### DATA SUPPLIED
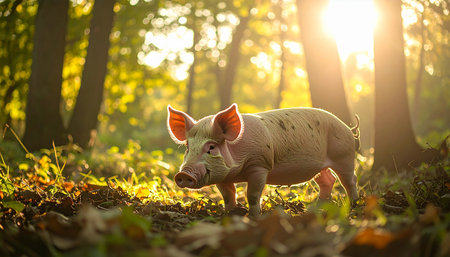 A young piglet enjoys the early morning light, foraging among the fallen leaves of an autumn forest. The warm sunrise filters through the trees, creating a peaceful and idyllic scene of nature and free-range farming.
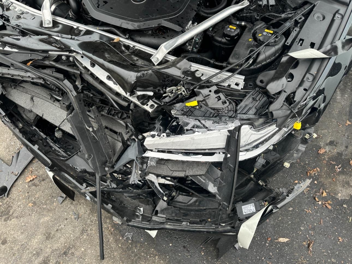 Airbag ausgelöst, Armaturenbrett, Front, Front links, Front rechts, Frontblech, Gurtstraffer ausgelöst, Interieur, Kabelstrang, Klimakühler, Kotflügel links, Kotflügel rechts, Kühler, Kühlgitter, Längsträger vorne links, Längsträger vorne rechts, Querträger, Radhaus vorne links, Radhaus vorne rechts, Scheinwerfer links, Scheinwerfer rechts, Schlossträger, Stosstange vorne
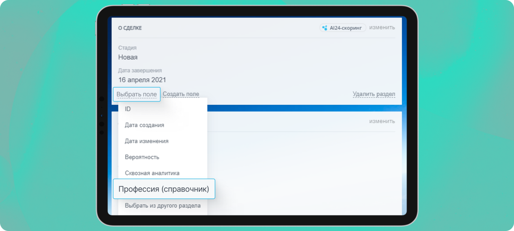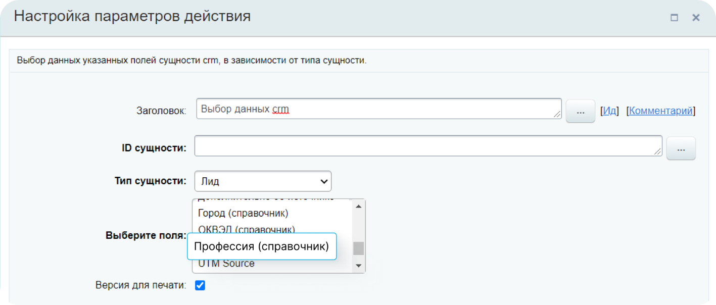 3. Проверьте в любой карточке (Лида/Контакта/Сделки/Компании) новое поле Профессии "справочник" (если Вы его не видите, поищите его через кнопку "Выбрать поле").
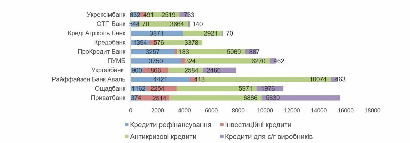 • 25,35 млрд грн були видані в якості рефінансування попередньо отриманих кредитів;
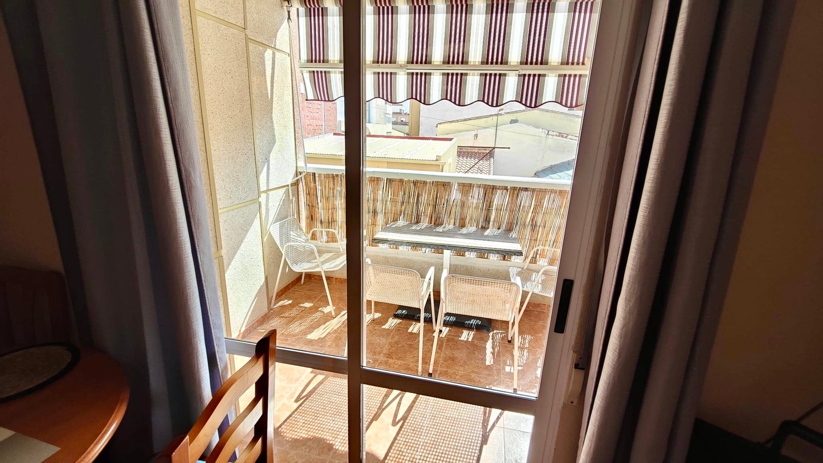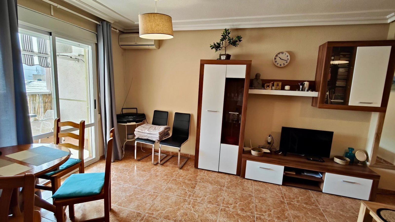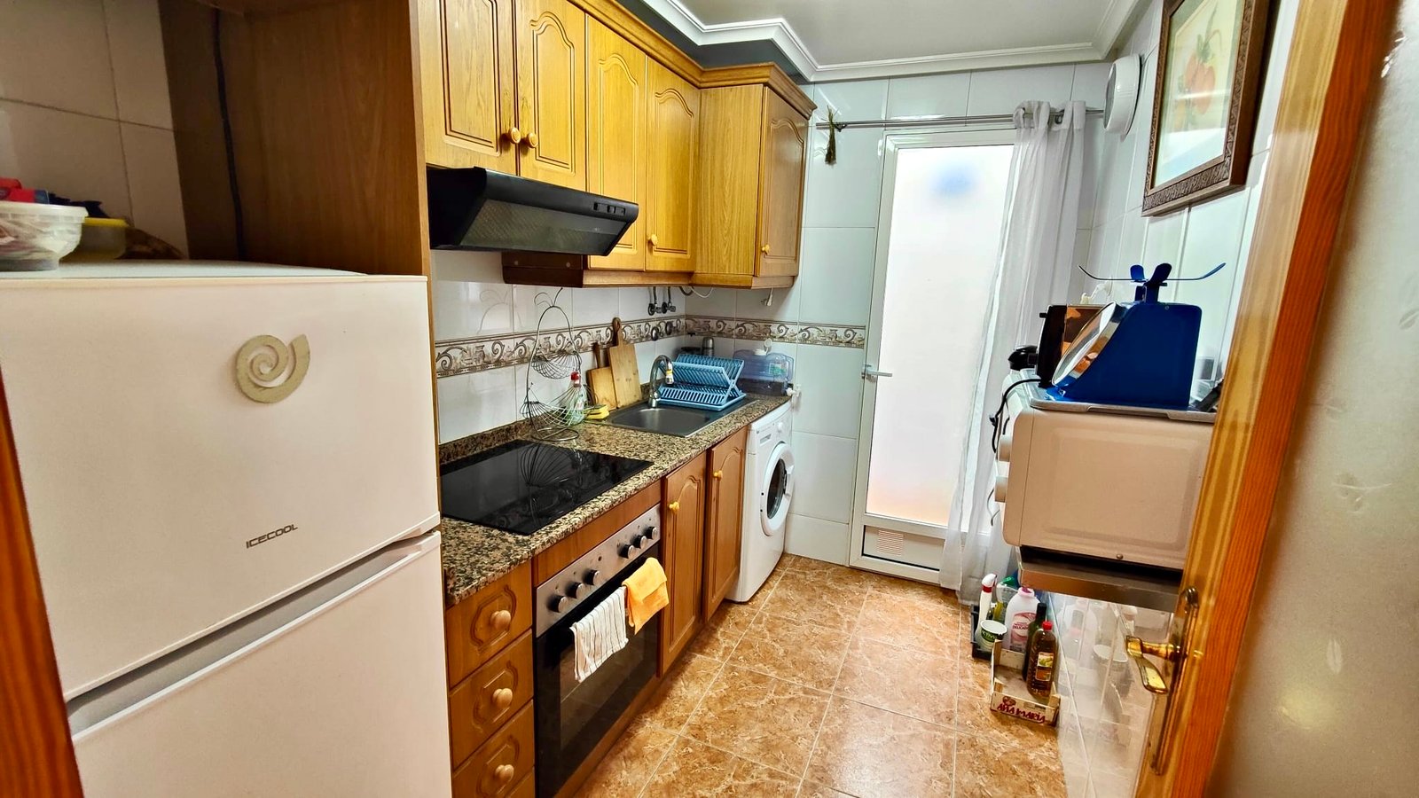 The separate, closed kitchen provides a practical cooking space and benefits from direct access to a private patio, ideal for ventilation and additional storage or utility use. The spacious lounge and dining area is filled with natural light and opens directly onto a pleasant terrace, creating a perfect spot to relax, dine outdoors, or enjoy the mild Mediterranean climate.
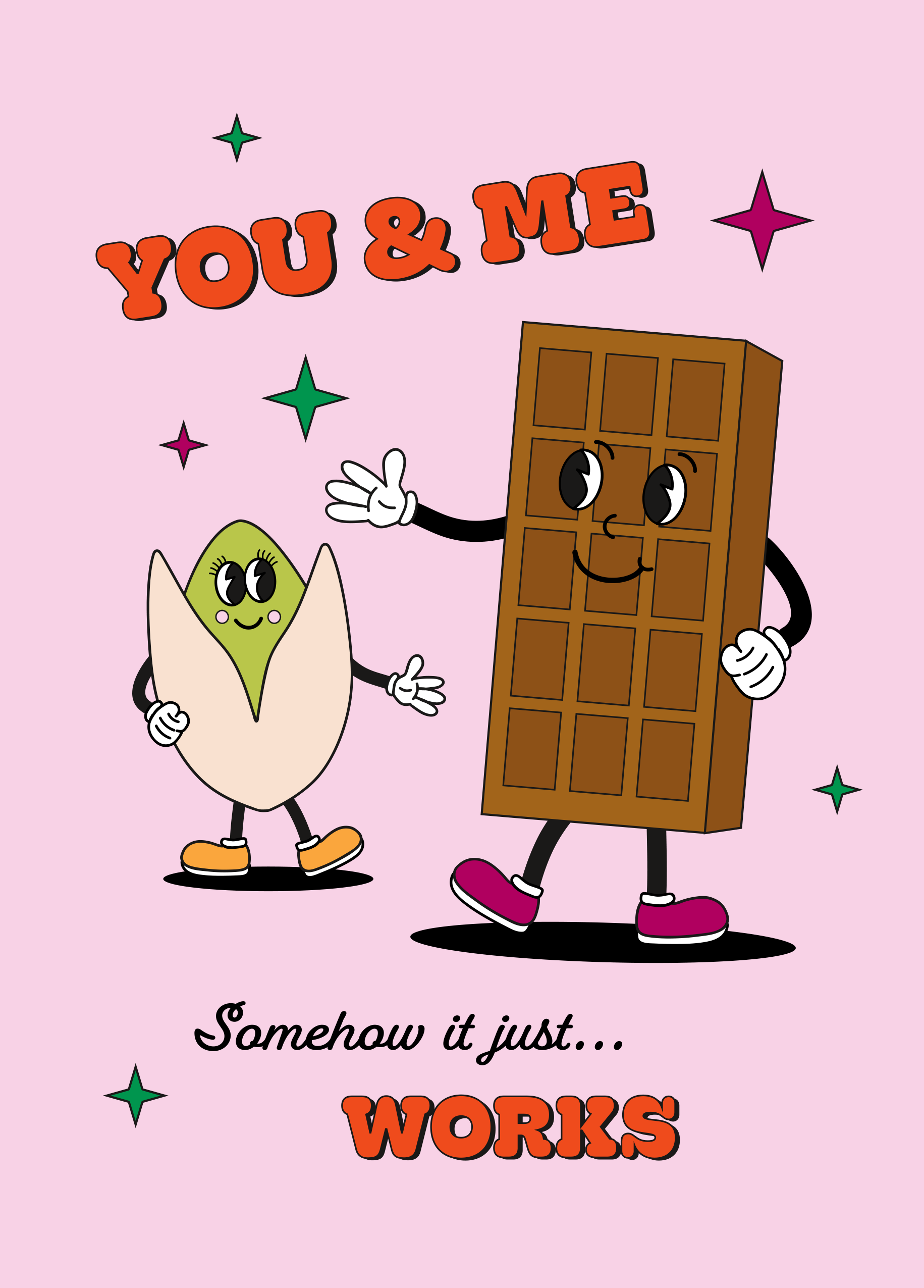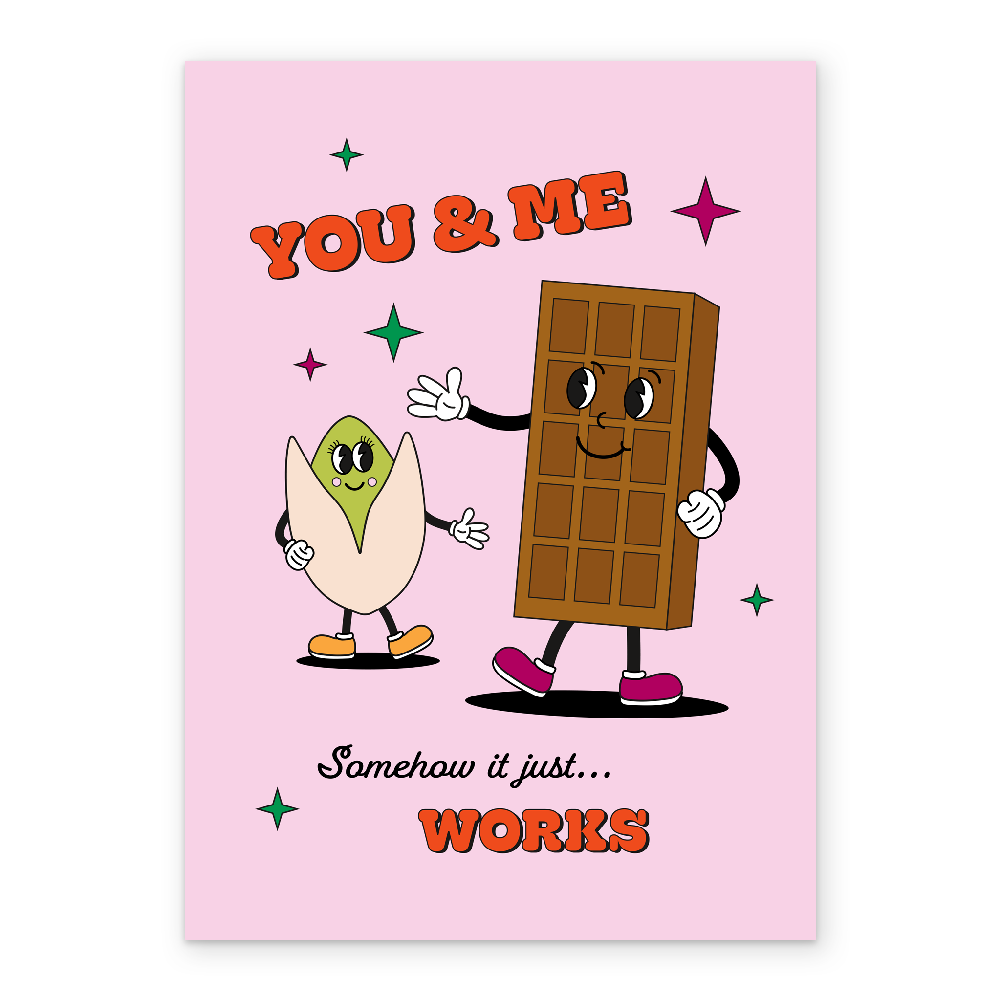 Printed on premium-quality board, this card features a soft pink background with an illustrated pistachio and bar of chocolate in the centre surrounded by stars and with bold red lettering above and below the illustration, with the message 'You & Me. Somehow it just… works', and comes complete with a co-ordinating white envelope.

### ASSIGNMENT
The records above need to be restated word for word, with the pictures left out.

### TASK RESPONSE
 A young piglet enjoys the early morning light, foraging among the fallen leaves of an autumn forest. The warm sunrise filters through the trees, creating a peaceful and idyllic scene of nature and free-range farming.
 Airbag ausgelöst, Armaturenbrett, Front, Front links, Front rechts, Frontblech, Gurtstraffer ausgelöst, Interieur, Kabelstrang, Klimakühler, Kotflügel links, Kotflügel rechts, Kühler, Kühlgitter, Längsträger vorne links, Längsträger vorne rechts, Querträger, Radhaus vorne links, Radhaus vorne rechts, Scheinwerfer links, Scheinwerfer rechts, Schlossträger, Stosstange vorne
 3. Проверьте в любой карточке (Лида/Контакта/Сделки/Компании) новое поле Профессии "справочник" (если Вы его не видите, поищите его через кнопку "Выбрать поле").
 • 25,35 млрд грн були видані в якості рефінансування попередньо отриманих кредитів;
 The separate, closed kitchen provides a practical cooking space and benefits from direct access to a private patio, ideal for ventilation and additional storage or utility use. The spacious lounge and dining area is filled with natural light and opens directly onto a pleasant terrace, creating a perfect spot to relax, dine outdoors, or enjoy the mild Mediterranean climate.
 Printed on premium-quality board, this card features a soft pink background with an illustrated pistachio and bar of chocolate in the centre surrounded by stars and with bold red lettering above and below the illustration, with the message 'You & Me. Somehow it just… works', and comes complete with a co-ordinating white envelope.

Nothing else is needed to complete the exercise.